Feb 2 2011
Masimo announced today that a new study published in the peer-reviewed journal Critical Care Medicine demonstrates that noninvasive, continuous monitoring of Masimo Pleth Variability Index (PVI®) predicts fluid responsiveness with high sensitivity (95%) and specificity (91%) in mechanically-ventilated patients in the Intensive Care Unit (ICU). Multiple previous studies have shown that PVI predicts fluid responsiveness in surgical patients—helping clinicians improve fluid management to reduce patient risk, but this is the first published study demonstrating its effectiveness in predicting fluid responsiveness in critically-ill ICU patients.
Hemodynamic instability is a common problem for critically-ill patients, but the decision to administer fluid in an attempt to improve cardiac output is challenging. When necessary, fluid administration is critical to optimizing patient status and enabling end organ preservation, but unnecessary fluid administration is associated with increased morbidity and mortality. However, other dynamic indicators for assessing intravascular fluid volume are either invasive, operator dependent, costly, or unreliable predictors of whether a patient will benefit from fluid administration.
Citing numerous prospective studies showing that "only half of critically-ill patients respond to fluid boluses deemed necessary by attending physicians," researchers from CHU de Poitiers (France) acknowledged the "need for simple, noninvasive, and continuous bedside monitoring capable of detecting fluid responsiveness early in virtually all ICU patients, including those without an arterial catheter" in undertaking the current study. PVI provides clinicians with a noninvasive, continuous, and cost-effective measure for assessing whether patients will benefit from fluid administration—enabling clinicians to provide personalized and goal-directed fluid therapy(1, 2, 3, 4).
To evaluate the predictive ability of fluid responsiveness indicators, study researchers compared three indices in 40 mechanically-ventilated patients with circulatory insufficiency in the ICU. The indices ranged in level of difficulty to perform—from automatic (PVI, noninvasively obtained via the Masimo Radical-7 Pulse CO-Oximeter) to invasive (DeltaPP, respiratory variations in arterial pulse pressure obtained via arterial catheter) to operator-dependent (CO, cardiac output obtained via echocardiography). Each of the indices was recorded before and after fluid challenge, which consisted of either 500mL of 130/0.4 hydroxyethyl-starch (fluid) infused over 10 minutes with the patient in a semi-recumbent position (head at 45 degrees) or passive leg raising (PLR) if DeltaPP <13%—indicating that the patient would be unlikely to respond to fluid administration.
Results showed 21 patients (19 fluid, 2 PLR) were responders—defined as an increase in cardiac output of >15% after fluid or PLR—and 19 patients (2 fluid, 17 PLR) were non-responders.

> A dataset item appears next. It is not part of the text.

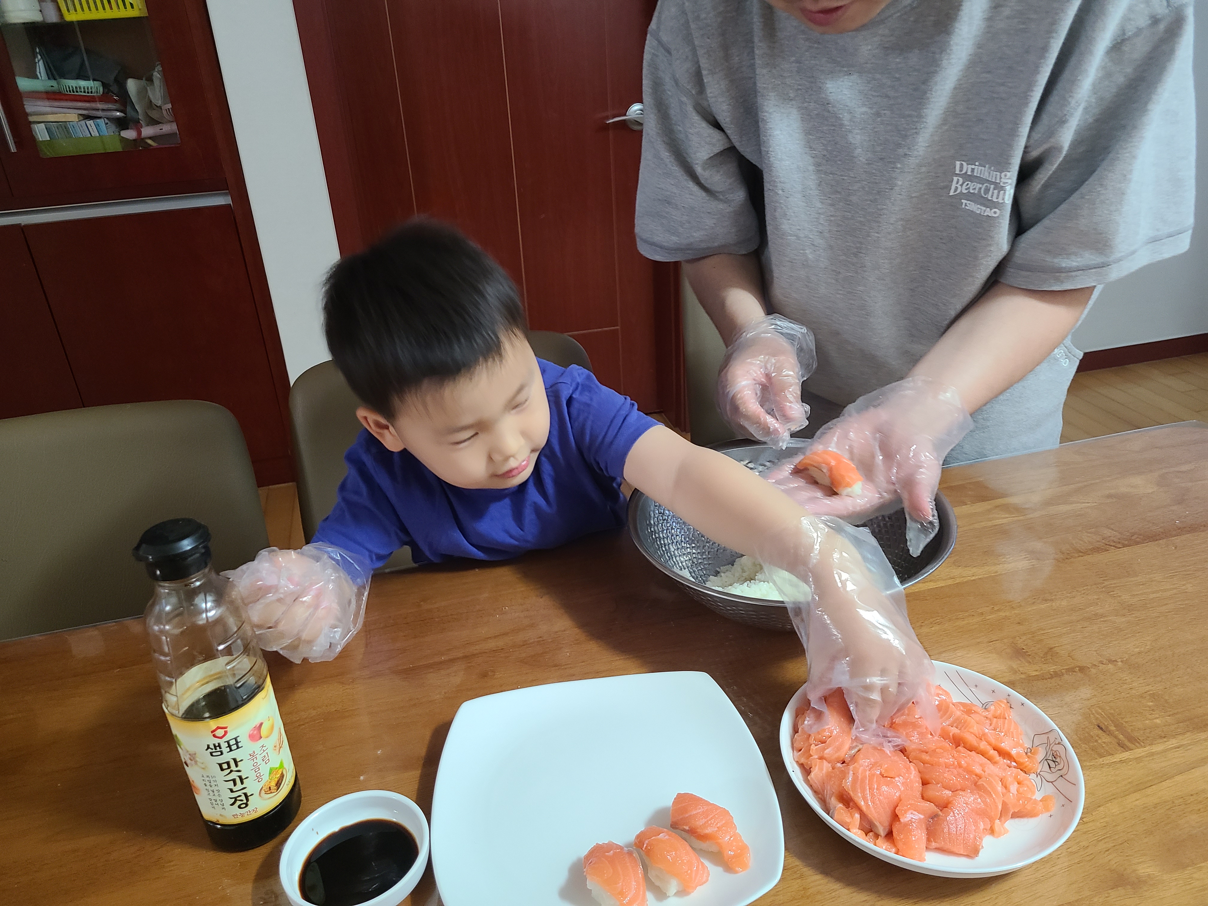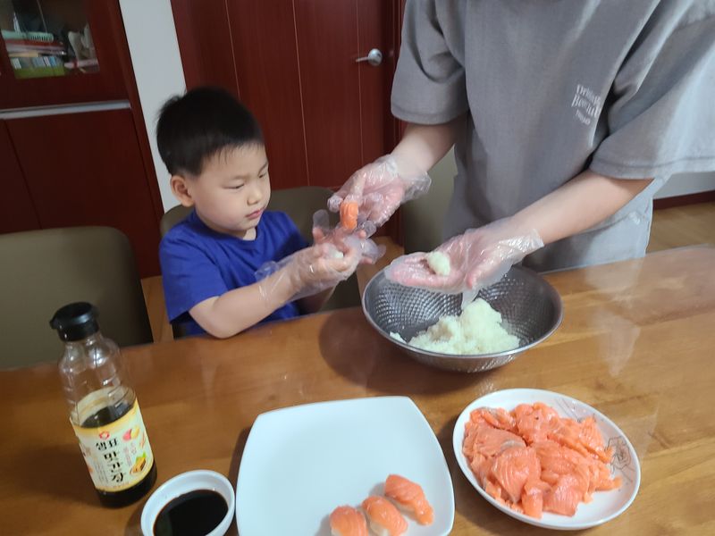 이번에는 직접 장갑을 끼고 아빠와 함께 초밥을 만들어 보았답니다.

A threshold value of 17% for PVI allowed discrimination between responders and non-responders at 95% sensitivity and 91% specificity and a DeltaPP threshold value of 10% allowed discrimination between responders and non-responders at 100% sensitivity and 95% specificity. However, cardiac output (CO) was unable to reliably predict responders vs. non-responders. Additionally, responders had significantly higher average values vs. non-responders for PVI (28% vs. 11%) and DeltaPP (22% vs. 5%) and both PVIthe higher PVI or DeltaPP is at baseline, the higher the beneficial effect of volume expansion."
Finding that the "performance of PVI to predict fluid responsiveness was similar to that of DeltaPP," researchers concluded that Masimo PVI "can predict fluid responsiveness in intensive care unit patients under mechanical ventilations." Researchers also noted the implications of using such dynamic fluid responsiveness predictors, commenting that "optimizing the patient's hemodynamic state with DeltaPP or PVI monitoring has potential to decrease duration of hospital stay and mechanical ventilation, postoperative morbidity, and costs in patients undergoing high-risk surgery."